Provided material ▸
-=-=-=-=-
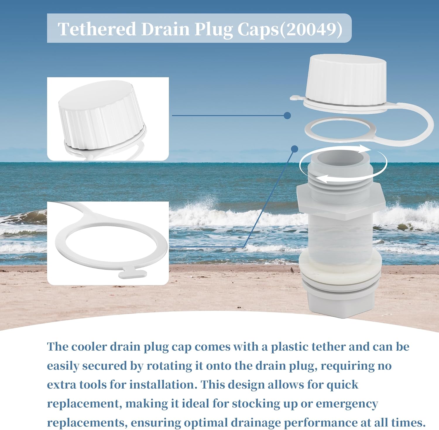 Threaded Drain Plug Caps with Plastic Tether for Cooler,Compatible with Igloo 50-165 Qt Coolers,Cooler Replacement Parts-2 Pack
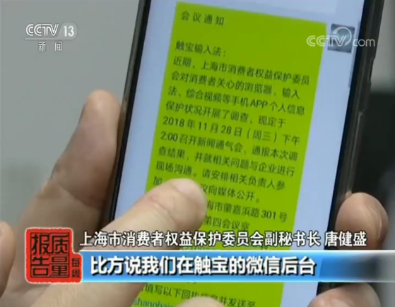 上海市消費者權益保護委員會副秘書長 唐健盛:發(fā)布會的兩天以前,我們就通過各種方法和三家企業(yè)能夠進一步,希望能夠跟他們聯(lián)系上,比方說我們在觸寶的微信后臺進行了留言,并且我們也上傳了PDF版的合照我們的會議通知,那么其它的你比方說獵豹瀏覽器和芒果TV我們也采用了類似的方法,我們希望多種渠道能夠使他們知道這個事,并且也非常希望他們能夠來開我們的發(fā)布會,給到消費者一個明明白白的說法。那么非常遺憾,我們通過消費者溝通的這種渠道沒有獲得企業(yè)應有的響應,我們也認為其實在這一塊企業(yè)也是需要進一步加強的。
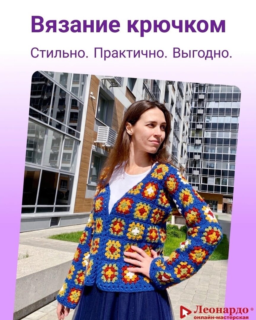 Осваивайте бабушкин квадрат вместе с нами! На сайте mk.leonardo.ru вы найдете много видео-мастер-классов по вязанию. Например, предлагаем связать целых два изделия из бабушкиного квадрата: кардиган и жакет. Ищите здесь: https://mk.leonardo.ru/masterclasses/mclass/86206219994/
-=-=-=-=-
Problem to work on ▸
The whole listing must come back verbatim, with no pictures included.

Task answer ▸
 Threaded Drain Plug Caps with Plastic Tether for Cooler,Compatible with Igloo 50-165 Qt Coolers,Cooler Replacement Parts-2 Pack
 上海市消費者權益保護委員會副秘書長 唐健盛:發(fā)布會的兩天以前,我們就通過各種方法和三家企業(yè)能夠進一步,希望能夠跟他們聯(lián)系上,比方說我們在觸寶的微信后臺進行了留言,并且我們也上傳了PDF版的合照我們的會議通知,那么其它的你比方說獵豹瀏覽器和芒果TV我們也采用了類似的方法,我們希望多種渠道能夠使他們知道這個事,并且也非常希望他們能夠來開我們的發(fā)布會,給到消費者一個明明白白的說法。那么非常遺憾,我們通過消費者溝通的這種渠道沒有獲得企業(yè)應有的響應,我們也認為其實在這一塊企業(yè)也是需要進一步加強的。
 Осваивайте бабушкин квадрат вместе с нами! На сайте mk.leonardo.ru вы найдете много видео-мастер-классов по вязанию. Например, предлагаем связать целых два изделия из бабушкиного квадрата: кардиган и жакет. Ищите здесь: https://mk.leonardo.ru/masterclasses/mclass/86206219994/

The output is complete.